Fergusons Motel sign. Photo by Andrea Lee Simbulan.

In 2017, Zappos CEO Tony Hsieh and his business partner Jen Taler, buyer for Zappos, purchased the vacant Fergusons Motel, formerly known as the Franklin Motel in the 1940s. Their goal was to create a neighborhood rooted in community, celebrating local creatives, musicians and artisans. Under the Fergusons umbrella is Market in the Alley, a monthly market kickstarted by Taler, in the alley located directly across the street from Fergusons Motel every third Saturday of the month.

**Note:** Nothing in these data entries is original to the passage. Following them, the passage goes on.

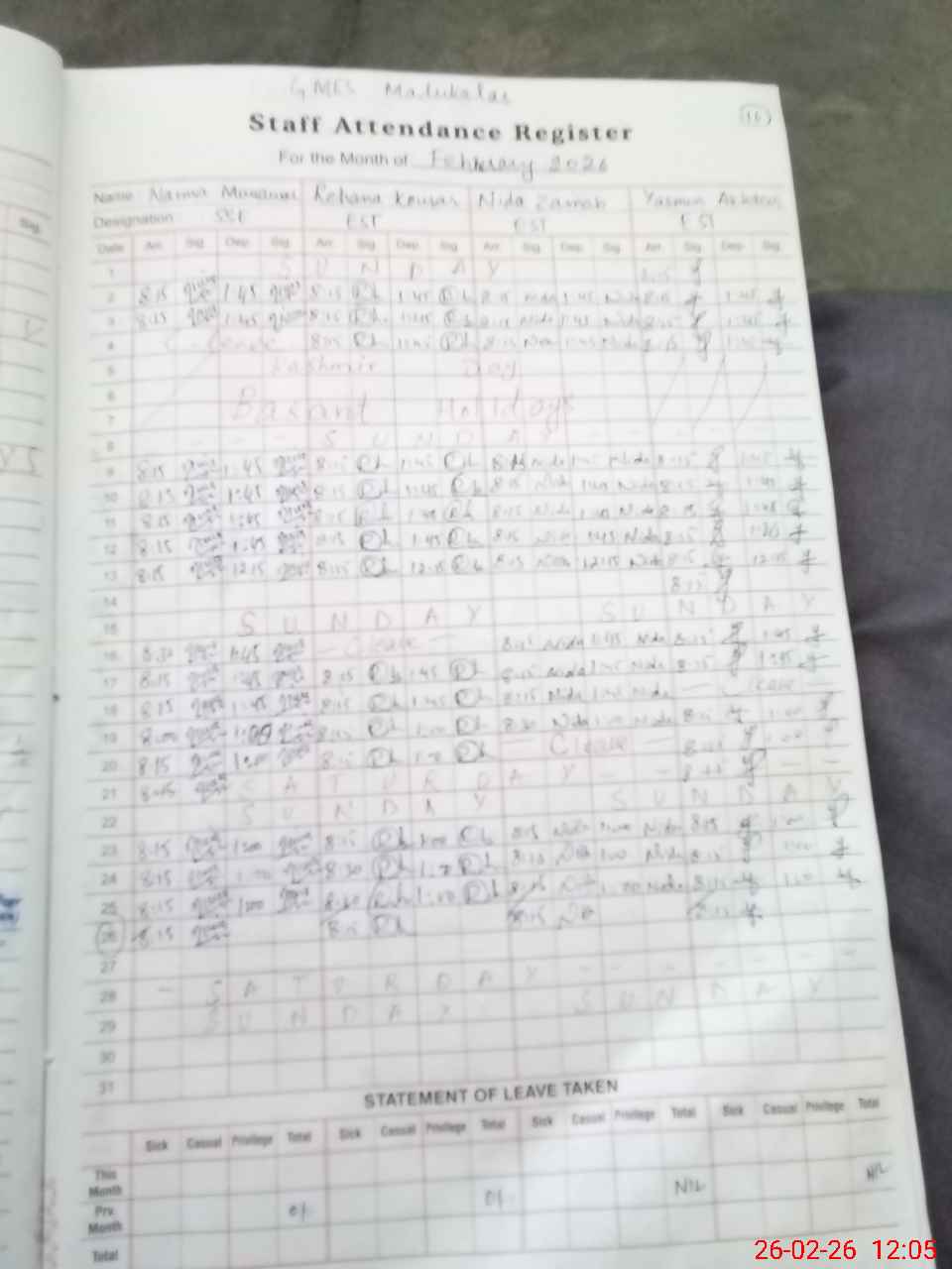 | Monitoring Date: 26-02-2026 | Start Time: 26-02-2026 11:09 AM | End Time: 26-02-2026 12:06 PM | Name of MEA: Za**** Ab**** | |
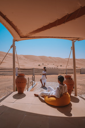 ที่นี่เป็นทะเลทรายที่มีชื่อเสียงมากในกลุ่มประเทศอาหรับ ซึ่งนิยมมานอนแคมป์กลางทะเลทรายกันค่ะ คืนที่ 2 ออมนัทมานอนกันที่ Desert Nights Camp คืนละ 88OMR วิลล่าดีมาก สะอาด แบ่งเป็นสัดส่วน เปิดออกมาเห็นวิวทะเลทรายตรงหน้าแบบนี้เลย
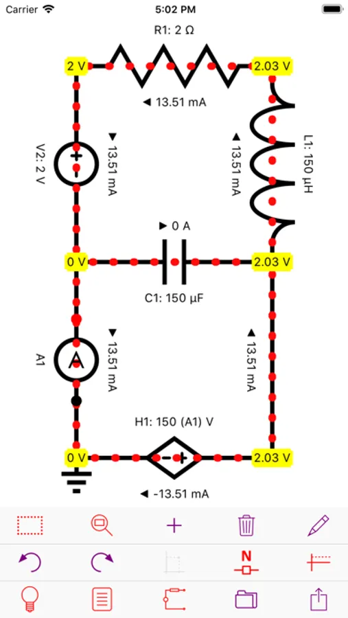 Zoom and pan around with standard gestures to view the voltages and currents which are displayed on the schematic.

Ayala began her involvement with Fergusons Downtown as one of the 12 vendors at the original Market in the Alley, selling goods from her then-business Sister House Collective. After expressing interest in becoming more involved with the planning side of Market in the Alley, the monthly market was turned over to Ayala and Bennett in January 2019.

“I love working with Ashley and Kelly,” said Beth Di Angelo, founder of The Woven Willow and vendor at Market in the Alley. “They create a seamless experience for their vendors. You can tell how much they care about us and serving the greater good of the Las Vegas community.”

Ayala and Bennett hosted a Market in the Alley pop-up at the 2019 Life is Beautiful Festival and counted 14,000 people attending the market over the course of the three-day weekend. Of those 14,000 were about 100 people who returned to the market multiple times, Ayala said. 

Screenshot of The Workshop Downtown’s Instagram page. Photo courtesy of Instagram.

Ayala credits a lot of the pop-up’s foot traffic to social media. Social media has become a vital tool in marketing for Ayala. Ayala said that many of The Workshop Downtown’s workshops are devoted entirely to social media marketing.

“Social media is the biggest tool for reaching people right now,” Ayala said. “So many people spend time on their phones.”

Ayala said that Instagram stories are especially useful because they invite followers to see what goes on behind the scenes behind an event. This allows the followers to feel involved in the set-up process.

Ayala knows firsthand how hard it is to start a small business.

“When you’re alone doing it, it’s kind of lonely and difficult to navigate, especially when it’s a very innovative concept that hasn’t really been done before,” Ayala said. “I’d say, find other people with a similar mindset, attend workshops and events to network, be authentic and if you don’t know something, don’t be afraid to ask!”

The Workshop Downtown hosts multiple workshops monthly. Dates and times are posted on their website as well as their Instagram account @theworkshopdowntown.

December’s Market in the Alley will be held from 6 to 10 p.m. on Saturday, Dec. 14, and noon to 4 p.m. on Dec. 15. The free event will feature over 75 local artisans and creatives, with some being present both days.